Today’s first-time buyer has a very different experience of the housing market. We now have relatively moderate increases in prices with, depending which figures you use, an annual increase of between 4% and 6%, and with a slight drop in Quarter 2 reported this year. Moderate house price increases are generally regarded as a good thing and a sign of a confidence in the economy, but it is relative to earnings. In Northern Ireland median gross weekly earnings for full-time employees in 2017 increased by 1.5% when adjusted for inflation, this translates into a decrease of 1.0%. So even moderate house prices are taking the possibility of home ownership further away from first time buyers even in an era of very cheap mortgages.

But this near time perspective can be misleading. Since 2000, house prices have risen more than 250 per cent in the UK compared with earnings growth of just 68 per cent. According to the Resolution Foundation’s research in the 1990s it took the average young family just 3 years to save for a reasonable sized deposit whilst today it would take the same family 19 years to save the amount they need.

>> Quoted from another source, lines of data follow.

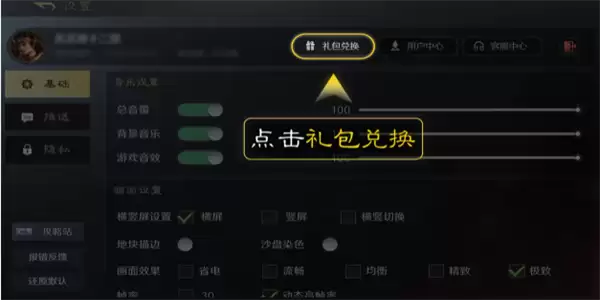 3、在基础设置里点击礼包兑换。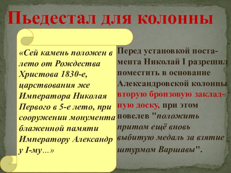 Перед установкой поста-мента Николай I разрешил поместить в основание Александровской колонны вторую бронзовую заклад-ную доску, при этом повелев "положить притом ещё вновь выбитую медаль за взятие штурмом Варшавы".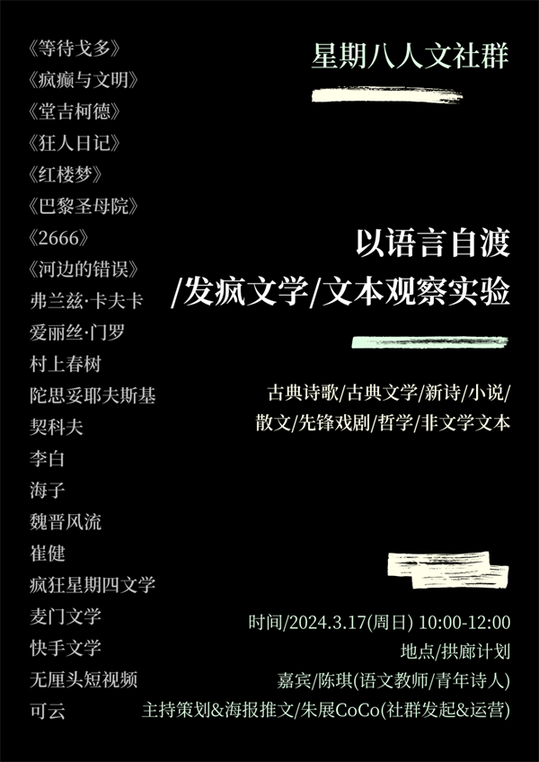 “发疯文学”的概念源自网络,旨在以大量无逻辑的文字堆砌达到情绪宣泄的目的。“与其内耗,不如发疯”等相关标语已成为年轻人标榜自我的社交策略。而在网络媒介之外,“发疯文学”在古典文学、新诗、小说、散文、先锋戏剧与哲学之中则拥有更为广阔的可能,其影响超越国界与时代。创作者们凭借深刻的洞察力,着墨于深入探讨人类心理的边缘状态,缓慢揭开个体内心深处隐秘的伤口。3月17日上午,星期八人文社群将邀请嘉宾陈琪,于拱廊计划内展开对于“发疯文学”的文本观察实验。我们将从“发疯文学”出发,试图剖析文字本身如何成为理解和表达人性的桥梁。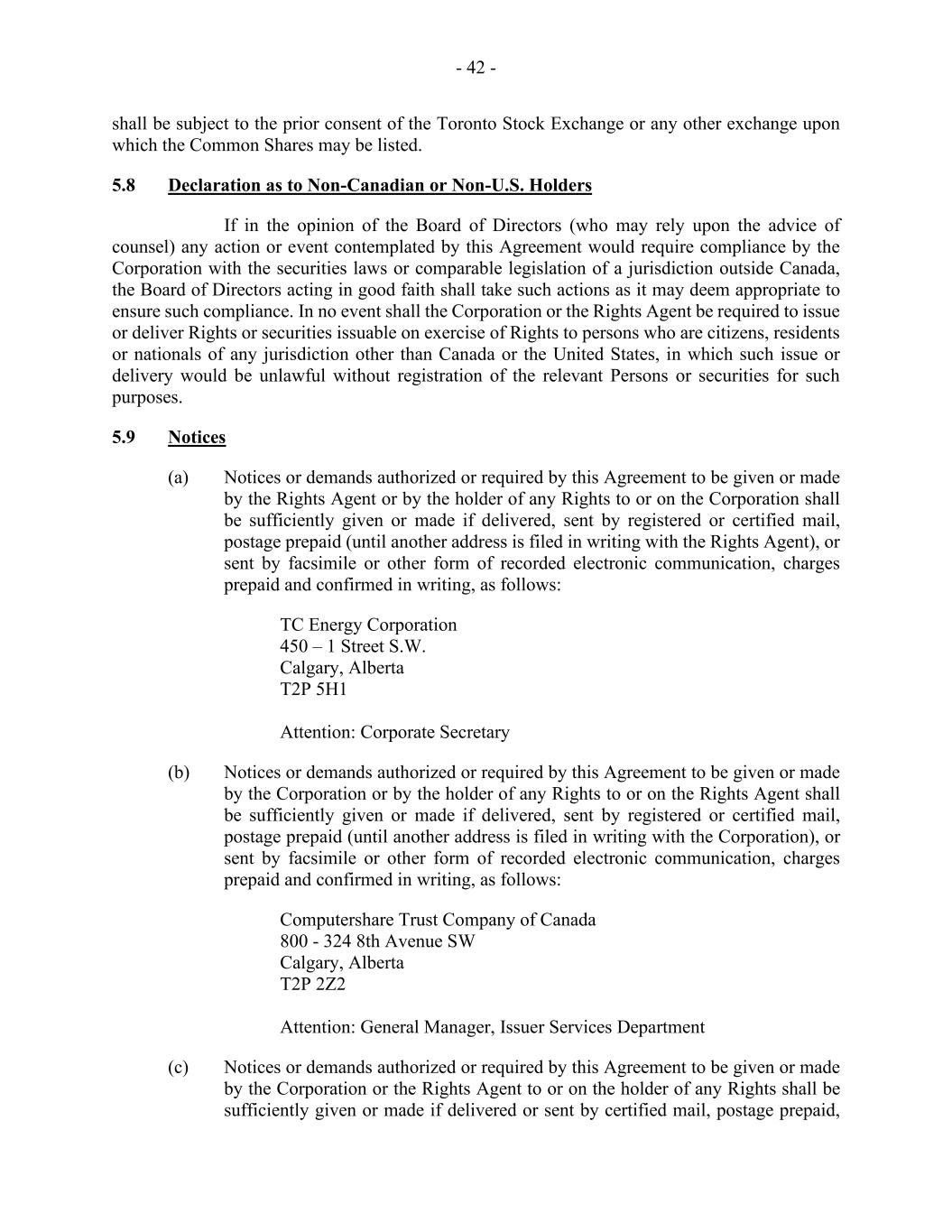 -42-须事先获得多伦多证券交易所或普通股可能上市的任何其他交易所的同意。5.8关于非加拿大或非美国持有人的声明如果董事会(可能依赖律师的建议)认为本协议所设想的任何行动或事件将要求公司遵守加拿大以外司法管辖区的证券法或类似立法,则本着善意行事的董事会应采取其认为适当的行动以确保此类遵守。在任何情况下,均不得要求公司或权利代理人向加拿大或美国以外任何司法管辖区的公民、居民或国民发行或交付在行使权利时可发行的权利或证券,在这种情况下,如果相关人员或证券未为此目的进行登记,则此类发行或交付将是非法的。5.9通知(a)本协议授权或要求由权利代理人或对公司或对公司的任何权利的持有人给予或作出的通知或要求,如交付、以挂号或挂号邮件方式发送、预付邮资(直至另一地址以书面向权利代理人备案)、或以传真或其他形式的记录电子通讯方式发送、预付费用并以书面形式确认,则应充分给予或作出,具体如下:TC Energy Corporation 450 – 1 Street S.W.卡尔加里,Alberta T2P 5H1注意:公司秘书(b)本协议授权或要求由公司或权利代理人的任何权利持有人给予或作出的通知或要求,如果交付、通过挂号或挂号邮件发送、预付邮资(直到另一个地址以书面形式向公司提交)或通过传真或其他形式的记录电子通信发送、预付费用并以书面确认,则应充分给予或作出,具体如下:ComputerShare Trust Company of Canada 800-324 8th Avenue SW Calgary,艾伯塔省T2P 2Z2注意:发行人服务部总经理(c)本协议授权或要求由公司或权利代理人向任何权利持有人或向任何权利持有人发出或作出的通知或要求,如果通过挂号信、预付邮资的方式交付或发送,则应充分给予或作出,

This explains the paradox we often see in Co-Ownership where people that apply to us are often paying high rents, but are still unable to get a mortgage without our help. The average rent here is £650 per month and a mortgage will cost around £100 a month less on a typical first-time buyer property. The issue is sometimes affordability with banks rightly much more careful now about assessing affordability, sometimes it is people not having stable employment another common experience of this generation of young people, but often it is about not having a sufficient deposit.

Around a third of first time buyers now use the ‘bank of mum and dad’ to get into home ownership and I’m sure I will soon be joining that bank, but for the rest it is the help that Co-Ownership provides that may be their only route to an affordable and secure home.